# YOUR INSTRUCTIONS
Reproduce the records below exactly; no pictures.

# DATA RECORDS
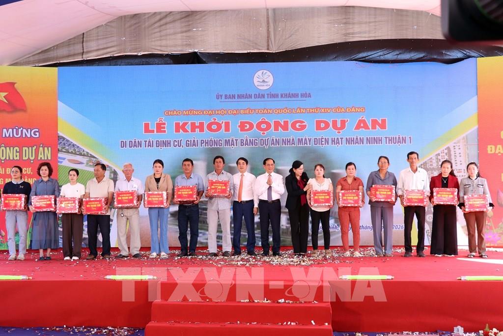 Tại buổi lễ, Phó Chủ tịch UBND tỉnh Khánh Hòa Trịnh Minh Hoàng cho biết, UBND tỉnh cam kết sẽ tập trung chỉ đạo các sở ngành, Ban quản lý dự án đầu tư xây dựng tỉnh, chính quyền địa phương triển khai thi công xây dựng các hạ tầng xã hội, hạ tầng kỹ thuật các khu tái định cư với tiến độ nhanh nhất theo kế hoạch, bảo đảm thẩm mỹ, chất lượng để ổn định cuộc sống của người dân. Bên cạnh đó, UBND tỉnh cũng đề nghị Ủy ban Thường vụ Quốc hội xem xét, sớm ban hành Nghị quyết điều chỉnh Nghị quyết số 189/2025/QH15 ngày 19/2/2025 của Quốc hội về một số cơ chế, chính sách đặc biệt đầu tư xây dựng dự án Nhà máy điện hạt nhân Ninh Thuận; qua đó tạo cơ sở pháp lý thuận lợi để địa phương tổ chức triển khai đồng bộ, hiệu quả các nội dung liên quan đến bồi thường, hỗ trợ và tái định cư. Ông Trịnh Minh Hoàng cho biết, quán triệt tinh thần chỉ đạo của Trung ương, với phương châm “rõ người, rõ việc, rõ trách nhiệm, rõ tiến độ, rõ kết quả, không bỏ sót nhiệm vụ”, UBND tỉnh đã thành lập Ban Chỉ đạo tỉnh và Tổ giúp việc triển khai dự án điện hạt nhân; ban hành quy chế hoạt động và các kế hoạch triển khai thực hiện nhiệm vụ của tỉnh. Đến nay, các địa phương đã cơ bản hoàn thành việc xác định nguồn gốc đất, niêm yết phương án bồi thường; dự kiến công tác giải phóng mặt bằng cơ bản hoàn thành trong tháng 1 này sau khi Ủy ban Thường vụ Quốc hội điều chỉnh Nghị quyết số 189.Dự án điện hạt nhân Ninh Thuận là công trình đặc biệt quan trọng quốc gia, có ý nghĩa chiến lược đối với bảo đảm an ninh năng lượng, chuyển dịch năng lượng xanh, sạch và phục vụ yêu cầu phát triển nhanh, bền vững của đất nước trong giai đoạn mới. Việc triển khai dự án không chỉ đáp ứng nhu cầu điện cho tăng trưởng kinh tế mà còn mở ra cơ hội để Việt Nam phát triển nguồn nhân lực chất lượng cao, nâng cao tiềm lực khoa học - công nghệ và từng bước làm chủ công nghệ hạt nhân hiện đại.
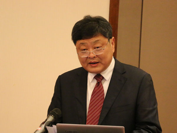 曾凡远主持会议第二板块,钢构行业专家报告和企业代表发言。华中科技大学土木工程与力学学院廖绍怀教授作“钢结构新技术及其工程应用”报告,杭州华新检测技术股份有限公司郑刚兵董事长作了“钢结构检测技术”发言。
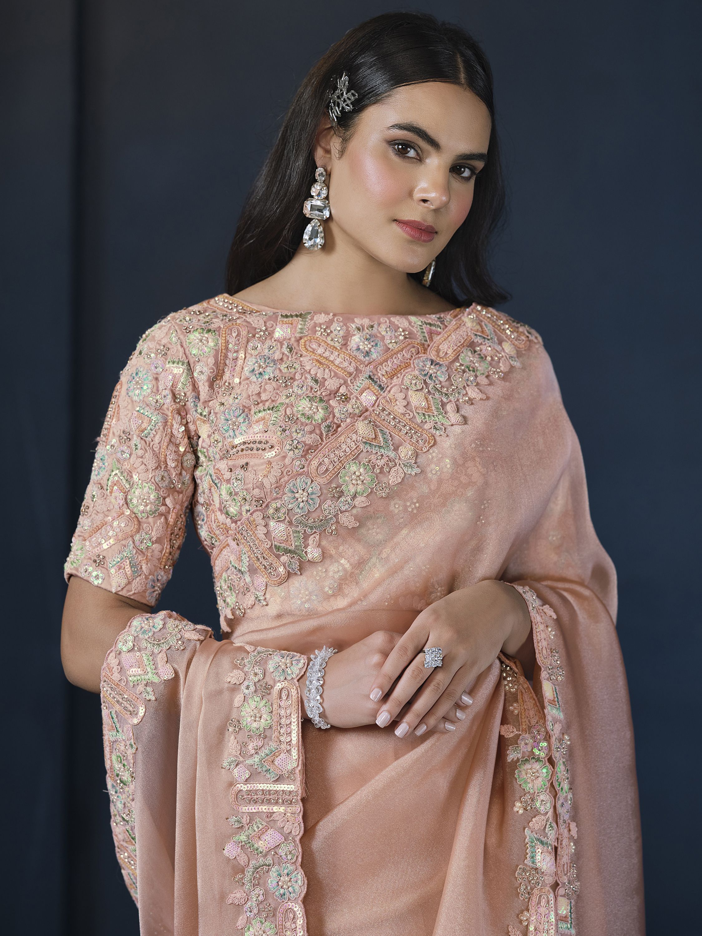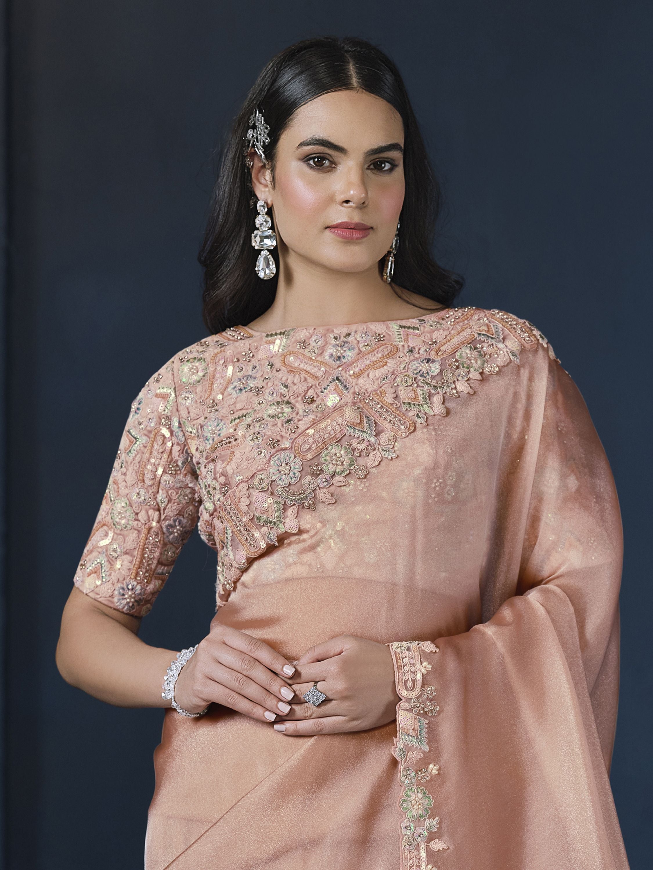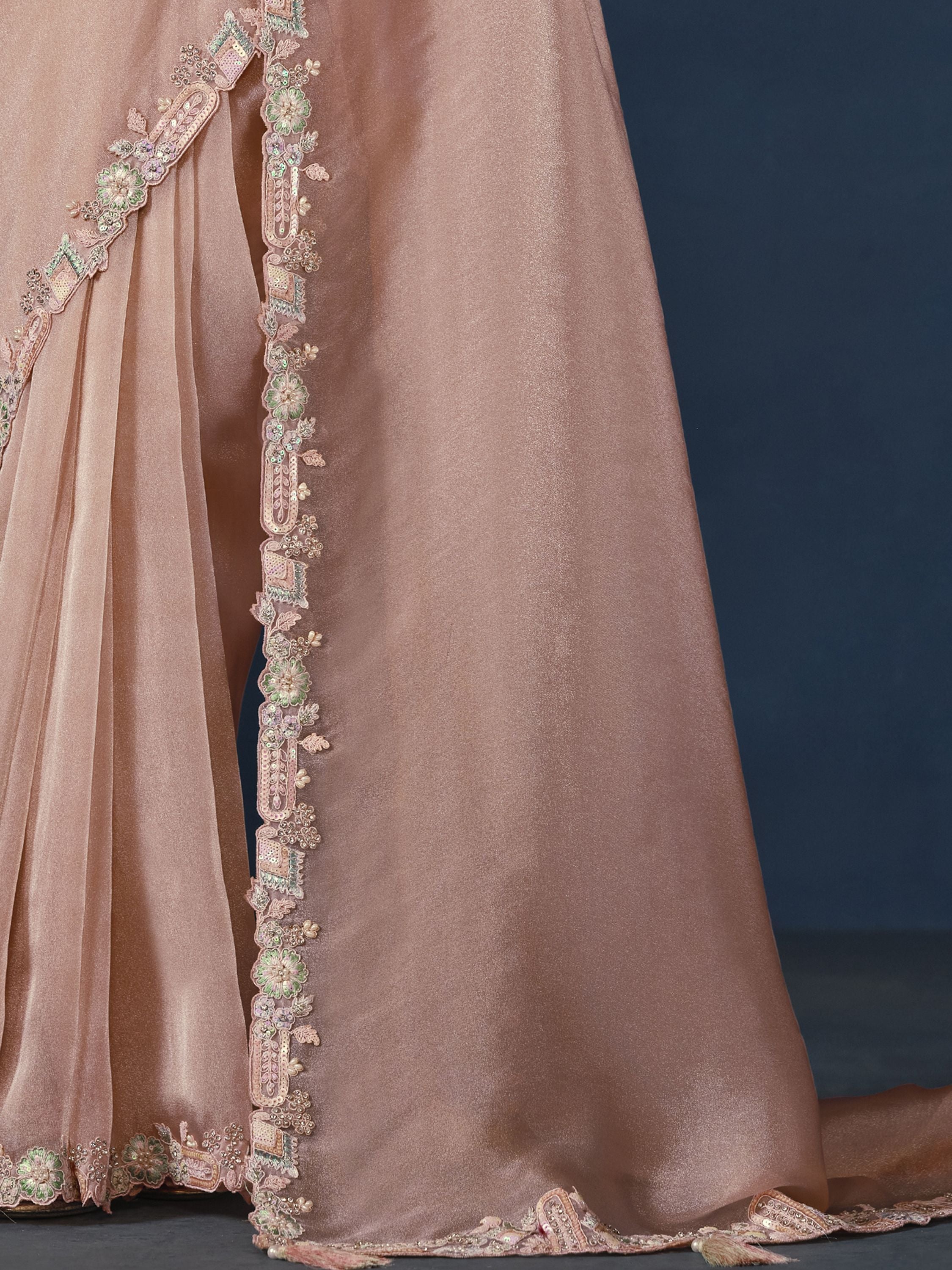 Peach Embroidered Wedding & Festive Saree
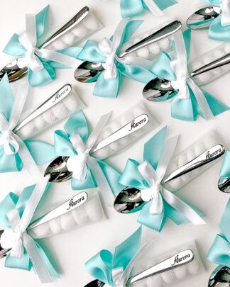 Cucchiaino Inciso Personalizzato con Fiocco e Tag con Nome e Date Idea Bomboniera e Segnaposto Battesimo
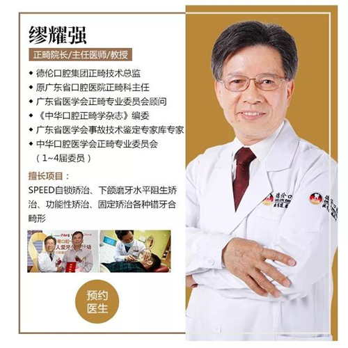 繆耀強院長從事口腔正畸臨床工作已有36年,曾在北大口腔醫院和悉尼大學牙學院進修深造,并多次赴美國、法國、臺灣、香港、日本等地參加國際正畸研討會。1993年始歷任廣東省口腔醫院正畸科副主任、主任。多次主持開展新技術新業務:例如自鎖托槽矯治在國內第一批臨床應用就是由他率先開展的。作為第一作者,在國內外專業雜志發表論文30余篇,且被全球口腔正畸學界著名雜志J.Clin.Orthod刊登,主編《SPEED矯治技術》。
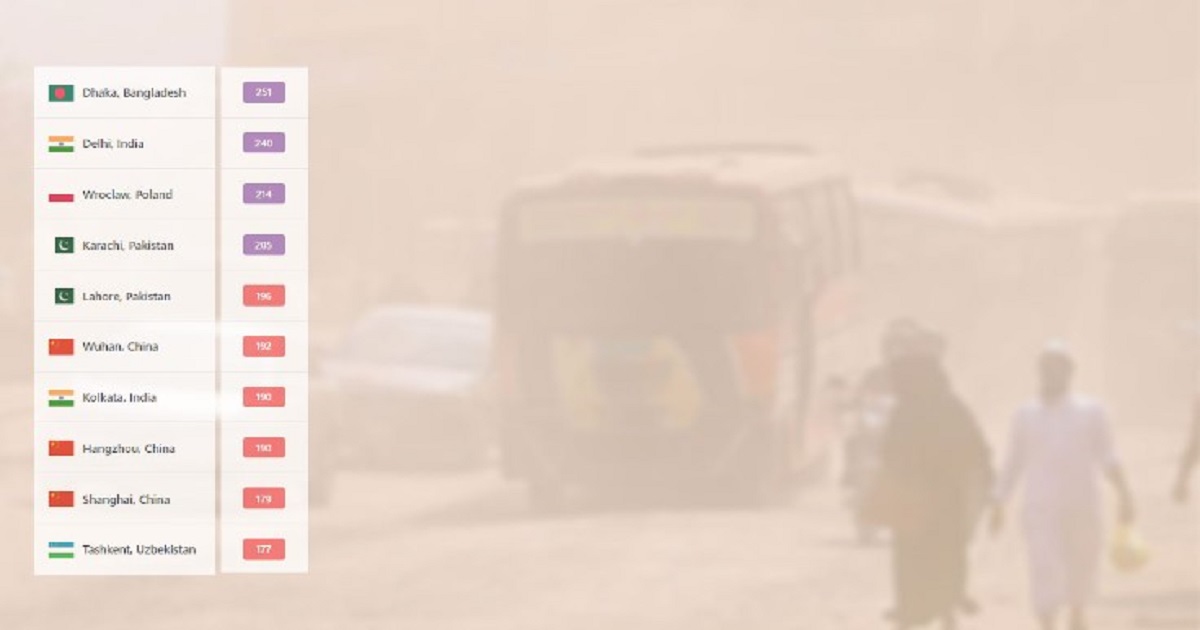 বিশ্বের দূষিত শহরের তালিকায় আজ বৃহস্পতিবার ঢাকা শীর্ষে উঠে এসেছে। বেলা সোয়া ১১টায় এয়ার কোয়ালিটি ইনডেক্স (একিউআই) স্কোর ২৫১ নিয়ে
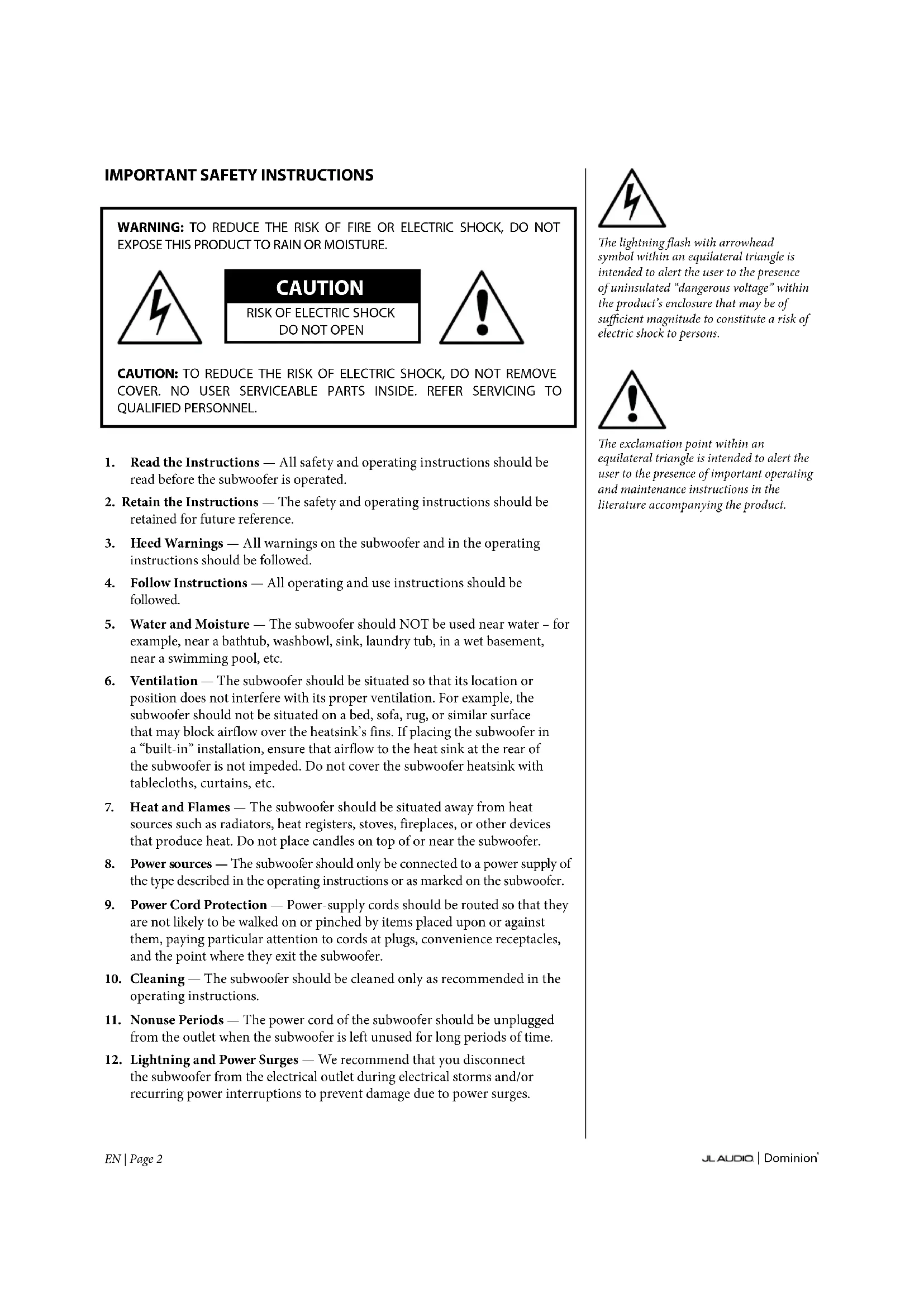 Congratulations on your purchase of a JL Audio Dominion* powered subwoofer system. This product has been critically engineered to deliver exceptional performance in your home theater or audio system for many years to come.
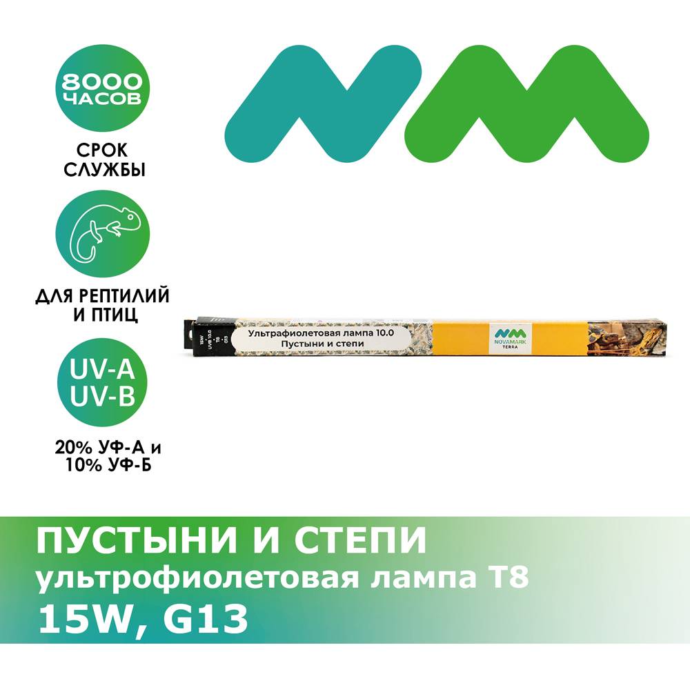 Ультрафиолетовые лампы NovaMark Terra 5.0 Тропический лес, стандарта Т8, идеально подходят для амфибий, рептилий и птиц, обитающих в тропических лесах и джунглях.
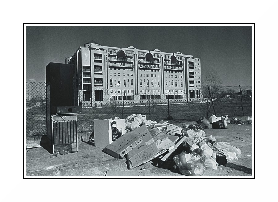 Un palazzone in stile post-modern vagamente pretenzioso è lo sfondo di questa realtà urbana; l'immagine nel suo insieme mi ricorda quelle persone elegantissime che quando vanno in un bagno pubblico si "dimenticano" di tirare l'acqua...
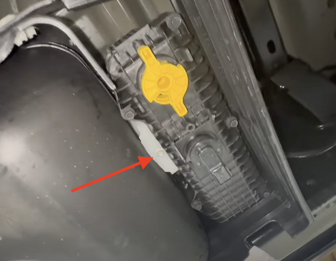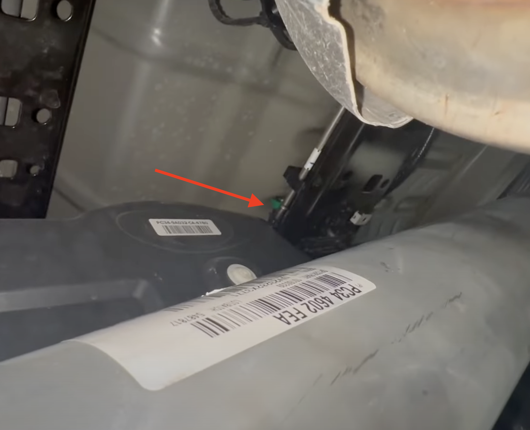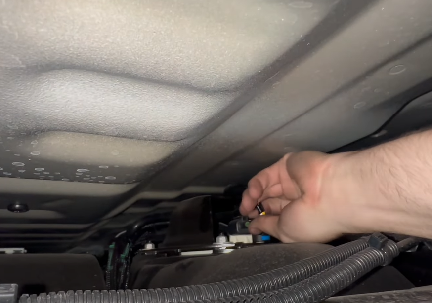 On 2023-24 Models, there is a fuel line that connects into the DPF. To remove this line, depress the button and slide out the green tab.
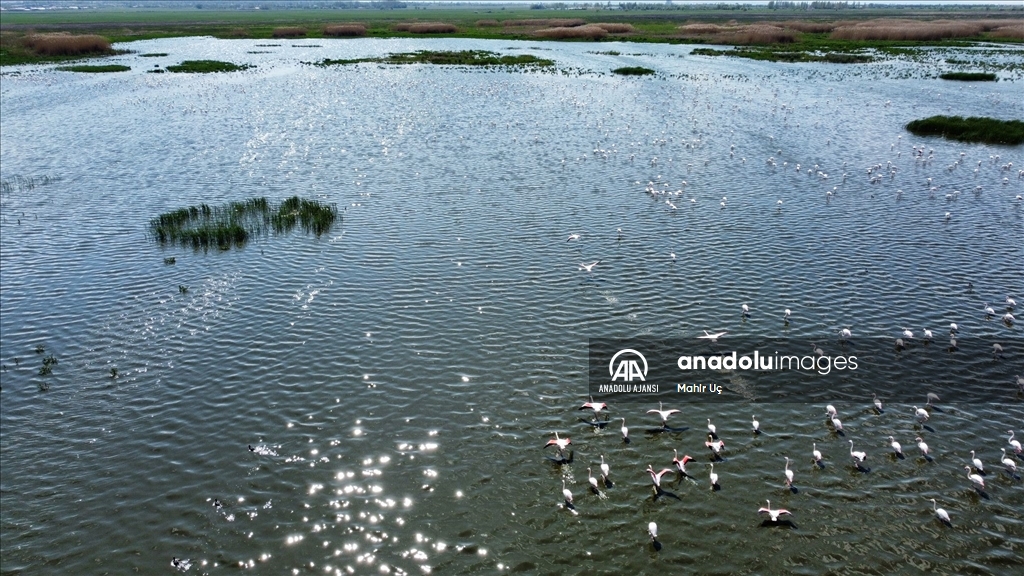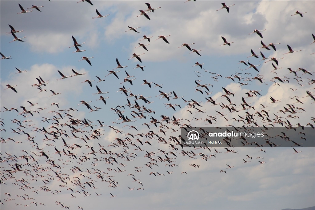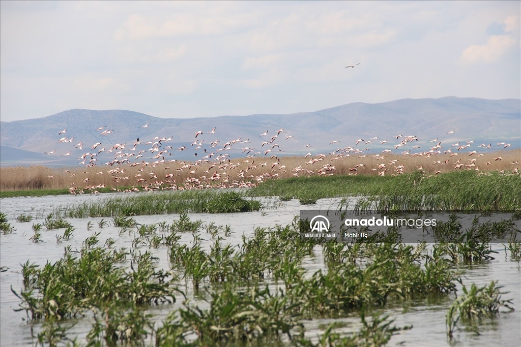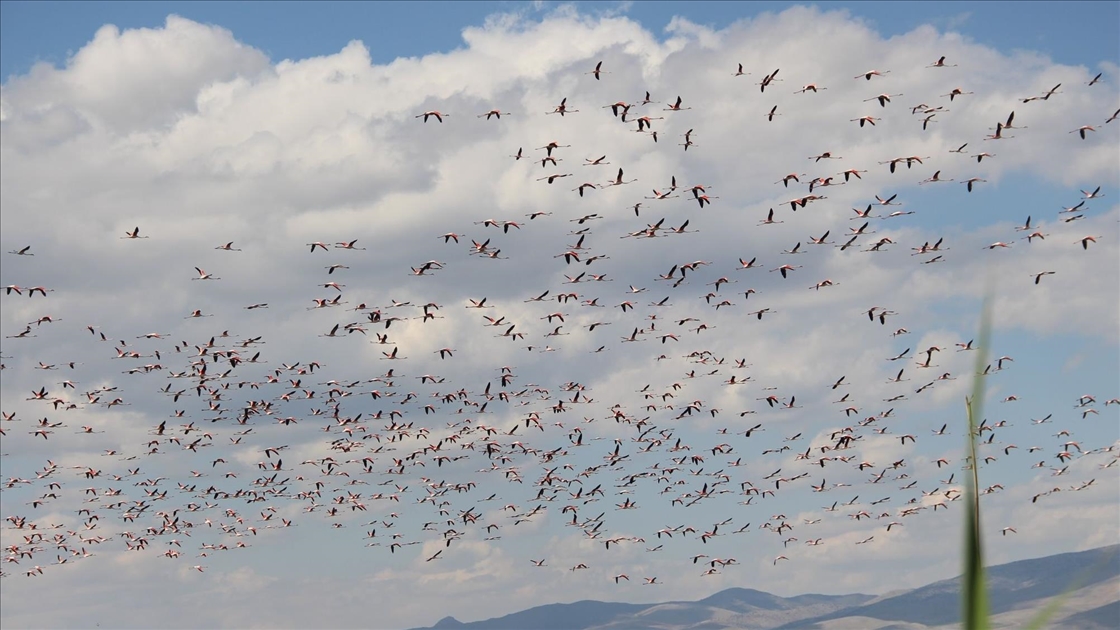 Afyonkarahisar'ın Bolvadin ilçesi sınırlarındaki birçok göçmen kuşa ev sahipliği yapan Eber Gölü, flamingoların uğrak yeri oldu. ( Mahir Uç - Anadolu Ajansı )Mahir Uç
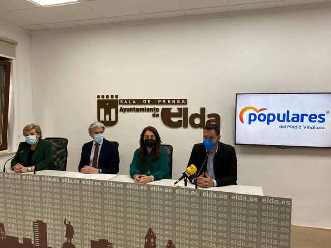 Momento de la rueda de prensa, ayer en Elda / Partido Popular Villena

# SOLUTION TO THIS TASK
 Tại buổi lễ, Phó Chủ tịch UBND tỉnh Khánh Hòa Trịnh Minh Hoàng cho biết, UBND tỉnh cam kết sẽ tập trung chỉ đạo các sở ngành, Ban quản lý dự án đầu tư xây dựng tỉnh, chính quyền địa phương triển khai thi công xây dựng các hạ tầng xã hội, hạ tầng kỹ thuật các khu tái định cư với tiến độ nhanh nhất theo kế hoạch, bảo đảm thẩm mỹ, chất lượng để ổn định cuộc sống của người dân. Bên cạnh đó, UBND tỉnh cũng đề nghị Ủy ban Thường vụ Quốc hội xem xét, sớm ban hành Nghị quyết điều chỉnh Nghị quyết số 189/2025/QH15 ngày 19/2/2025 của Quốc hội về một số cơ chế, chính sách đặc biệt đầu tư xây dựng dự án Nhà máy điện hạt nhân Ninh Thuận; qua đó tạo cơ sở pháp lý thuận lợi để địa phương tổ chức triển khai đồng bộ, hiệu quả các nội dung liên quan đến bồi thường, hỗ trợ và tái định cư. Ông Trịnh Minh Hoàng cho biết, quán triệt tinh thần chỉ đạo của Trung ương, với phương châm “rõ người, rõ việc, rõ trách nhiệm, rõ tiến độ, rõ kết quả, không bỏ sót nhiệm vụ”, UBND tỉnh đã thành lập Ban Chỉ đạo tỉnh và Tổ giúp việc triển khai dự án điện hạt nhân; ban hành quy chế hoạt động và các kế hoạch triển khai thực hiện nhiệm vụ của tỉnh. Đến nay, các địa phương đã cơ bản hoàn thành việc xác định nguồn gốc đất, niêm yết phương án bồi thường; dự kiến công tác giải phóng mặt bằng cơ bản hoàn thành trong tháng 1 này sau khi Ủy ban Thường vụ Quốc hội điều chỉnh Nghị quyết số 189.Dự án điện hạt nhân Ninh Thuận là công trình đặc biệt quan trọng quốc gia, có ý nghĩa chiến lược đối với bảo đảm an ninh năng lượng, chuyển dịch năng lượng xanh, sạch và phục vụ yêu cầu phát triển nhanh, bền vững của đất nước trong giai đoạn mới. Việc triển khai dự án không chỉ đáp ứng nhu cầu điện cho tăng trưởng kinh tế mà còn mở ra cơ hội để Việt Nam phát triển nguồn nhân lực chất lượng cao, nâng cao tiềm lực khoa học - công nghệ và từng bước làm chủ công nghệ hạt nhân hiện đại.
 曾凡远主持会议第二板块,钢构行业专家报告和企业代表发言。华中科技大学土木工程与力学学院廖绍怀教授作“钢结构新技术及其工程应用”报告,杭州华新检测技术股份有限公司郑刚兵董事长作了“钢结构检测技术”发言。
 Peach Embroidered Wedding & Festive Saree
 Cucchiaino Inciso Personalizzato con Fiocco e Tag con Nome e Date Idea Bomboniera e Segnaposto Battesimo
 繆耀強院長從事口腔正畸臨床工作已有36年,曾在北大口腔醫院和悉尼大學牙學院進修深造,并多次赴美國、法國、臺灣、香港、日本等地參加國際正畸研討會。1993年始歷任廣東省口腔醫院正畸科副主任、主任。多次主持開展新技術新業務:例如自鎖托槽矯治在國內第一批臨床應用就是由他率先開展的。作為第一作者,在國內外專業雜志發表論文30余篇,且被全球口腔正畸學界著名雜志J.Clin.Orthod刊登,主編《SPEED矯治技術》。
 বিশ্বের দূষিত শহরের তালিকায় আজ বৃহস্পতিবার ঢাকা শীর্ষে উঠে এসেছে। বেলা সোয়া ১১টায় এয়ার কোয়ালিটি ইনডেক্স (একিউআই) স্কোর ২৫১ নিয়ে
 Congratulations on your purchase of a JL Audio Dominion* powered subwoofer system. This product has been critically engineered to deliver exceptional performance in your home theater or audio system for many years to come.
 Ультрафиолетовые лампы NovaMark Terra 5.0 Тропический лес, стандарта Т8, идеально подходят для амфибий, рептилий и птиц, обитающих в тропических лесах и джунглях.
 Un palazzone in stile post-modern vagamente pretenzioso è lo sfondo di questa realtà urbana; l'immagine nel suo insieme mi ricorda quelle persone elegantissime che quando vanno in un bagno pubblico si "dimenticano" di tirare l'acqua...
 On 2023-24 Models, there is a fuel line that connects into the DPF. To remove this line, depress the button and slide out the green tab.
 Afyonkarahisar'ın Bolvadin ilçesi sınırlarındaki birçok göçmen kuşa ev sahipliği yapan Eber Gölü, flamingoların uğrak yeri oldu. ( Mahir Uç - Anadolu Ajansı )Mahir Uç
 Momento de la rueda de prensa, ayer en Elda / Partido Popular Villena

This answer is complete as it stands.